Solo Racing Around the World

As observers, we may think that the men and women competing in the 2012-13 Vendée Globe are a few cookies short of a pound. They are instead emotionally and physically strong and very skillful.

November 30, 2012


Twenty sailors take the starting gun and look forward to about 90 days of racing COURTESY VENDEE GLOBE

Is This Madness or What?

I often wonder how solo marathon racers feel about their job. Do they think the whole thing is crazy and that this year for sure they’re going to visit a shrink? Knowing full well the magnitude of their risk and the power their sense of adventure has over rational thought, 20 sailors pointed their high-tech IMOCA 60s into the nearly always-angry North Atlantic. The starting gun for this edition of the Vendée Globe nonstop race around the world fired at 13:03 French time on November 10, 2012. The route takes them from Les Sables-d’Ollone, France, around the Cape of Good Hope, eastward through the Southern Ocean, around Cape Horn and northeast back to France. The distance—about 30,000 nautical miles sailed in approximately 90 days.

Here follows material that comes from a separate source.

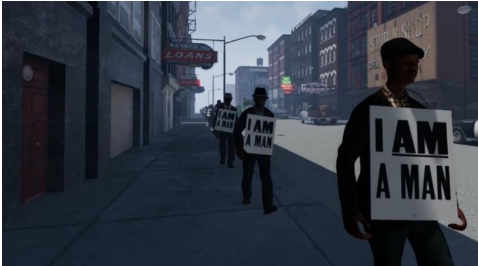
Figure 7: Screenshot of the VR game "I AM A MAN"

Another VR experience entitled "I Am A Man" makes the history of the American civil rights movement of African Americans tangible. The VR presentation aims to provide personal understanding of the struggles of marginalized groups. The title uses historical film footage, photographs, and voice recordings of actual participants in the civil rights movement. "I Am a Man" sees itself as an interactive documentary experience to provide a deeper awareness of anti-racist struggles (Meta, 2023). 38

As observers, we may wonder why these men and women spend countless hours soliciting sponsorship money and preparing themselves and the boats for this ordeal. Their need to compete at the highest level of professional offshore racing seems like the obvious motive. This need drives the mental and physical machinery, and without it they’d stay home and race Lasers at the yacht club. They must also trust their ability to perform physically demanding and complex chores, often at night in gale-force winds and giant seas while the boat surfs the face of the waves at nearly 30 knots.


Fatigue is inevitable, eating well and hydrating essential, but what about the loneliness? Modern communications notwithstanding, spending 90 days alone has to tax the healthiest of minds. Some of you may remember that being alone with his demons drove Donald Crowhurst round the bend in the 1968-69 Sunday Times Golden Globe solo race around the world. After abandoning the race, he wondered around the South Atlantic sending false reports of his position. He finally leapt overboard and drowned, leaving his home-built plywood Piver trimaran drifting.

I’m happy to report that our 21st century racers are exceptionally well prepared physically and emotionally, and their equipment leaves nothing to be desired. At the other extreme is Sven Yrvind. At the age of 73, he plans to circumnavigate our planet nonstop aboard a 10-foot vessel of his design and construction, and relying as much on the oceans’ currents as on his two sails. He’s smart and fit, but his mission seems foolhardy and selfish. On the other hand, I hope he succeeds.